From: a_sparschuh (2006-01-17) Subject: Re: 100/99 sharp 5th: C>G & 225/224 flat 5th D>A as subparts of the PC --- In tuning-math@yahoogroups.com, "Gene Ward Smith" <gwsmith@s...> wrote: > What is the idea behind this scale? to demonstrate that 225/224 & 100/99 can well be used as 2 0f 7 steps D>A flat(1 200 * ln(225 / 224)) / ln(2) = ~ 7.71152299... cents C>G sharp(1 200 * ln(99 / 100)) / ln(2) = ~-17.3994836... cents for tempering in a 12-circular tuning beside F#>C# flat (1 200 * ln(567 / 566)) / ln(2) = ~ 3.05601853... c C#>G# flat (1 200 * ln(849 / 848)) / ln(2) = ~ 2.04034679... c G#>Eb flat (1 200 * ln(159 / 158)) / ln(2) = ~ 10.9226485... c Eb>Bb flat (1 200 * ln(237 / 236)) / ln(2) = ~ 7.32023944... c Bb>F flat (1 200 * ln(177 / 176)) / ln(2) = ~ 9.80871773... c the sum of all that 7 steps is = 23.4...c the PC > What does 225/224 ~7.7...c or 100/99 ~17.4...c have > to do with it?
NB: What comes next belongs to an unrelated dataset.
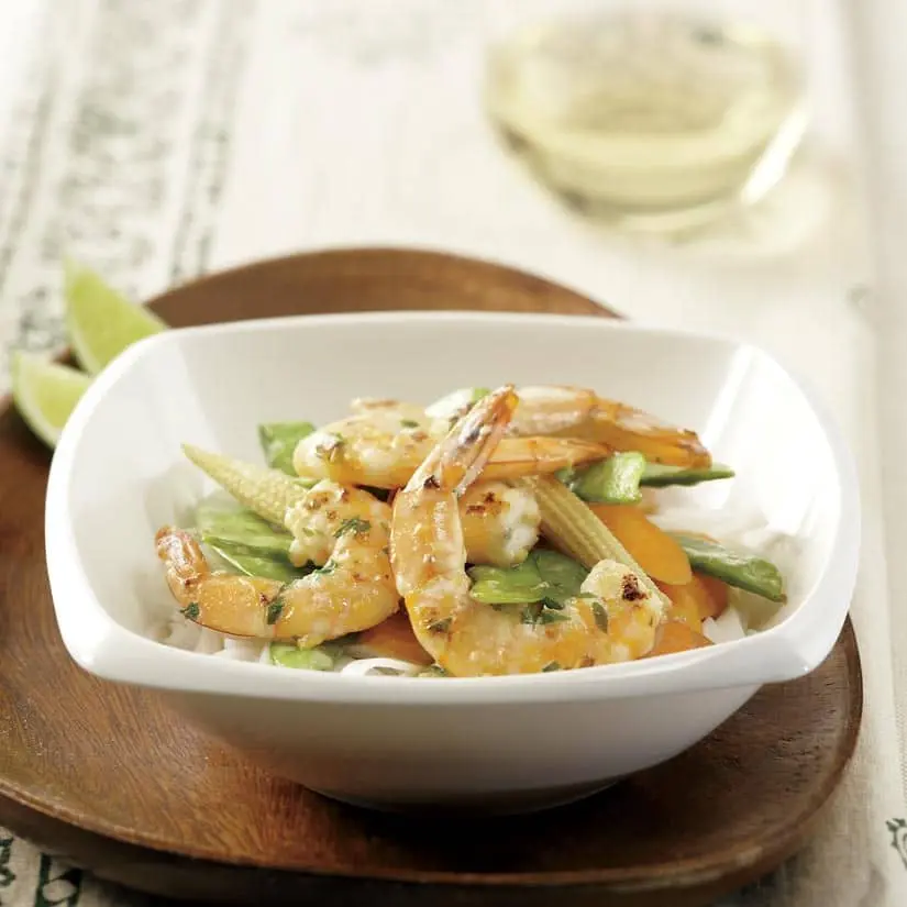 - Dans un wok, chauffer 1 c. à tab (15 ml) de l'huile à feu moyen-vif. Ajouter le gingembre et cuire, en brassant, pendant 1 minute ou jusqu'à ce qu'il dégage son arôme. Ajouter les crevettes et cuire, en brassant, pendant environ 4 minutes ou jusqu'à ce qu'elles soient rosées. Réserver au chaud.

They are used as tempering steps in the PC subdivision. > Attend the error @ B! > > Or relative in chromatic order: that means ordered ascending seize as on the keys from left to right > > C: _ 1/1 > > C# 283/264 > > D:_ 25/11 > > Eb_ 79/66 > > E:_ 14/11 > > F:__ 4/3 > > F#_ 63/44 > > G:_ 50/33 > > G#_ 53/33 > > A:_ 56/33 > > Bb_ 59/33 corr:B_ 21/11 instead wrong>B:23/11,because63/3=21 not=23 see 5ths > > C:'_ 2/1 Sorry, but that tuning has nothing to do with the prime 23, smuggeld in by faulty overtaking an reading error. > > I don't know what you mean by chromatic order. If you put everything > in an octave, and sort it by increasing pitch, you get this: after correcting above error the scale is already ordered in seize. > > ! sparschuh1.scl > Sparchuh scale > 12 > ! !!!!!> 23/22 omit that wrong line in the whole!!!!!! > 283/264 > 25/22 > 79/66 > 14/11 > 4/3 > 63/44 > 50/33 > 53/33 > 56/33 > 59/33 21/11 !!!!reinsert here the correct value 21/11 instad formerly 23/11 > 2 because my old wrong "23/11">2 would make no sense. Sorry my mistake in hurry. Are there any other faults? > > > Have a lot of fun with the 225/224 & 100/99 tempered 5ths, > > and all the others above epimoric sounding ratios here! > > Why would I temper this way? In order to demonstrate the usefulness of 225/224 & 100/99 as constitues of an PC subdivision.